4,M7A,Queen's Park,Queen's Park
5,M9A,Etobicoke,Islington Avenue
6,M1B,Scarborough,"Rouge, Malvern"
7,M3B,North York,Don Mills North
8,M4B,East York,"Woodbine Gardens, Parkview Hill"
9,M5B,Downtown Toronto,"Ryerson, Garden District"


To end Part 1, we will see the shape of our cleaned dataframe.

In [7]:
df_final.shape

(103, 3)

#### Part 2: Adding latitude and longitude to our existing dataframe<a id='latlong'></a>

<p>This section wound up shorter than expected due to both the geocoder and geopy packages not working with our data.

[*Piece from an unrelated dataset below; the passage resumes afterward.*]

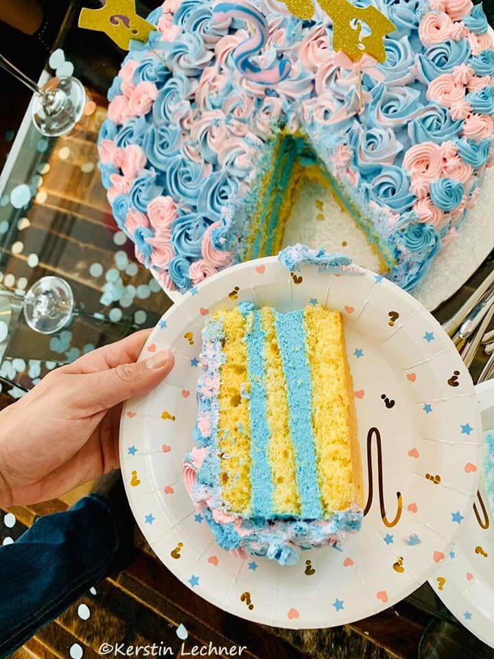 Die Fülle sollte dann in blau sein, damit beim Anschnitt der Aha-Effekt eintritt und spätestens dann alle wussten das es ein Bub wird 🙂
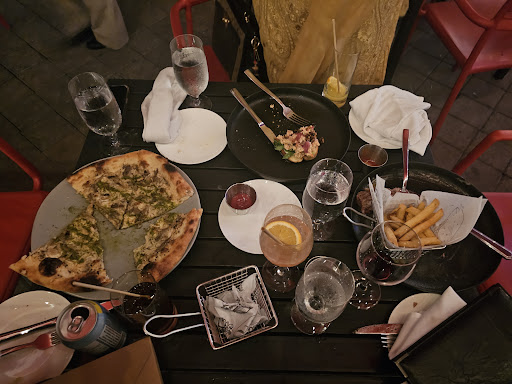 I ordered the pulled pork tacos ($26). 3 regular sized tacos with the usual trimmings, but be warned they don't give any additional sides with them, no quacomole, no chimichurri, no sour cream. Fries are included and were good. The tacos themselves weren't very good, the tortilla was stale and the pulled pork was dry and flavorless. Even the garnish, a hand full of cilantro leaves (with stems) made me feel like I was eating grass and overpowered the other ingredients in the taco. The server was kind enough to give a side of chimichurri upon request. Do yourself a favour visit taco taqueria, I've reviewed that place and it's incredible.

Luckily, a csv with the postal codes and lat/long data was given to us for that reason.</p>

In [8]:
# It will be important to name our first column 'Postal Code'
names = ['PostalCode', 'Latitide', 'Longitude']
coord = pd.read_csv('Data_Files/GeoSpatial_Coordinates.csv', 
                    names=names, header=0)
coord.head()

Unnamed: 0,PostalCode,Latitide,Longitude
0,M1B,43.806686,-79.194353
1,M1C,43.784535,-79.160497
2,M1E,43.763573,-79.188711
3,M1G,43.770992,-79.216917
4,M1H,43.773136,-79.239476


In [9]:
# In order to merge dataframes, our 'on' column must have same name
df_complete = pd.merge(df_final, coord, on='PostalCode')
df_complete.head(12)

Unnamed: 0,PostalCode,Borough,Neighborhood,Latitide,Longitude
0,M3A,North York,Parkwoods,43.753259,-79.329656
1,M4A,North York,Victoria Village,43.725882,-79.315572
2,M5A,Downtown Toronto,"Harbourfront, Regent Park",43.65426,-79.360636
3,M6A,North York,"Lawrence Heights, Lawrence Manor",43.718518,-79.464763
4,M7A,Queen's Park,Queen's Park,43.662301,-79.389494
5,M9A,Etobicoke,Islington Avenue,43.667856,-79.532242
6,M1B,Scarborough,"Rouge, Malvern",43.806686,-79.194353
7,M3B,North York,Don Mills North,43.745906,-79.352188
8,M4B,East York,"Woodbine Gardens, Parkview Hill",43.706397,-79.309937
9,M5B,Downtown Toronto,"Ryerson, Garden District",43.657162,-79.378937


This is the dataframe we will be using to cluster neighborhoods.